Xi Jinping – Soft Spot for Tibet? by Alison Reynolds

On 31 August 2012 Reuters published a piece entitled “Does China’s next leader have a soft spot for Tibet?” This question has been occupying Tibet campaigners ever since Xi Jinping’s name started to circulate as the likely successor of Hu Jintao.

In February this year, on the eve of Xi’s visit to the United States, I shared some personal thoughts, reflecting what we could discern from the career and opinions of his father, Xi Zhongxun, a revolutionary hero who was close to the 10th Panchen Lama for 40 years, and is remembered fondly by the Dalai Lama. [Photo below right shows Xi Zhongxun talking with the Dalai Lama’s brother, Gyalo Thondup.]

Reuters provides some new information that indicates promise; they report that Xi commented: “We should have normal hearts” in the aftermath of the 2008 protests in Tibet (in contrast to Zhang Qingli’s vitriolic description of the Dalai Lama as a “jackal in Buddhist monk’s robes” with “the face of a human and the heart of a beast”), and additionally reports that not only is Xi’s wife, Peng Liyuan a Buddhist, but that in 2006 Xi went ‘out of his way’ to host the first World Buddhist Forum in Zhejiang.

Reuters goes further, quoting Bao Tong, a former political prisoner and one-time senior aide to purged General Party Secretary Zhao Ziyang, as saying ‘ “To understand what kind of leader Xi Jinping will be, one must study his father’s (policies),”…. “No (Chinese) Communist will betray his father.”
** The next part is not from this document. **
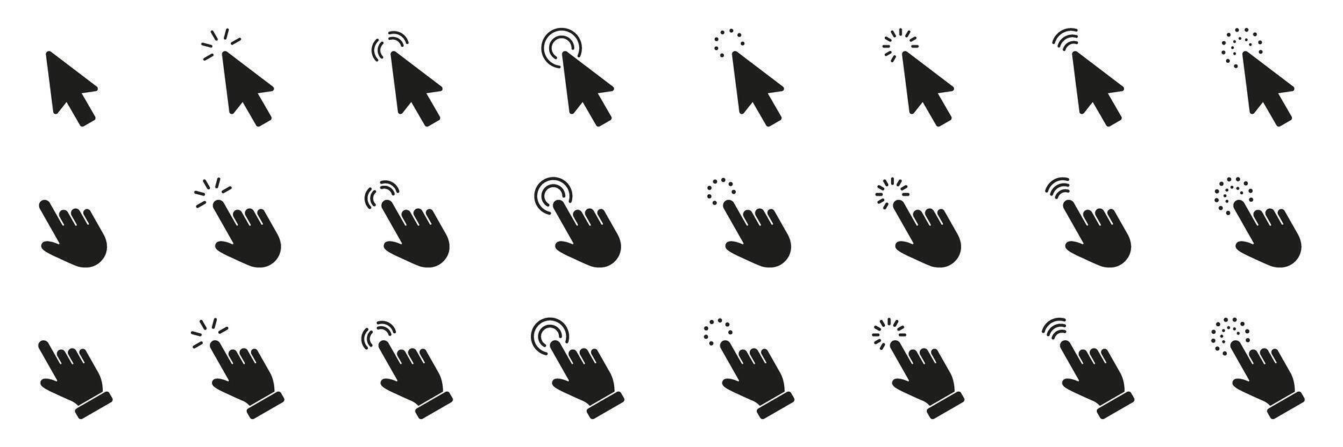 Cursor And Hand Click Solid Icon Set. Click And Cursor Action Silhouette Symbol Collection. Isolated Illustration Pro Vector

Tibet campaigners are not traditionally optimistic about what Chinese leaders might do for Tibet; (10 years ago we said that Hu Jintao’s policies in Tibet showed he was no reformer, and how right – sadly – we were!) We are fascinated by the connection between Xi senior and Xi junior, but over-eulogising Xi Zhongxun is probably naive. Whilst he clearly had deep moral integrity, courageously defending Hu Yaobang and speaking out against the use of force in Tiananmen Square, he comes across as being at heart a Han chauvinist, committed to upholding China’s occupation of Tibet. In a lengthy obituary to the 10th Panchen Lama, published in 1989, Xi Zhongxun wrote “As an outstanding representative and leader of the Tibetan people and Tibetan Buddhism, the Great Master Panchen always linked the fate and future of Tibet to that of the Motherland and the Communist Party’s leadership. During various historical periods, from the eve of victory of the Chinese people’s war for liberation to the founding of New China, the Great Master Panchen wholeheartedly supported the correct decisions of the Chinese Communist Party.”
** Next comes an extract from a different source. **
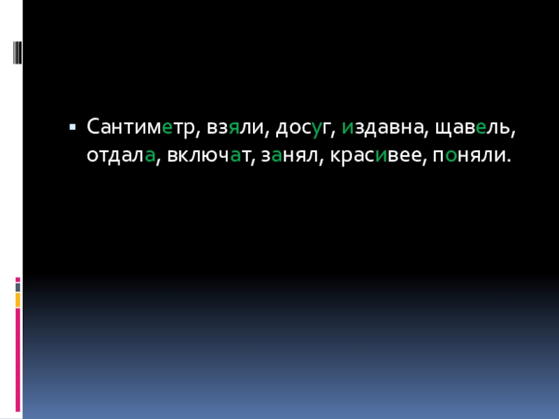 Слайд 2Сантиметр, взяли, досуг, издавна, щавель, отдала, включат, занял, красивее, поняли.

Xi junior continues to be circumspect on Tibet. He stuck faithfully to the script during his visit to Tibet in July 2011, vowing to “completely smash any plot to destroy stability in Tibet and jeopardize national unity”, but it was hardly to be expected that he would do otherwise on such a high-profile occasion. Reuters significantly quotes more than one anonymous Chinese official who recognize that the thinking on Tibet has to change, and assert that Tibet will be Xi’s challenge, just as Taiwan was Hu’s.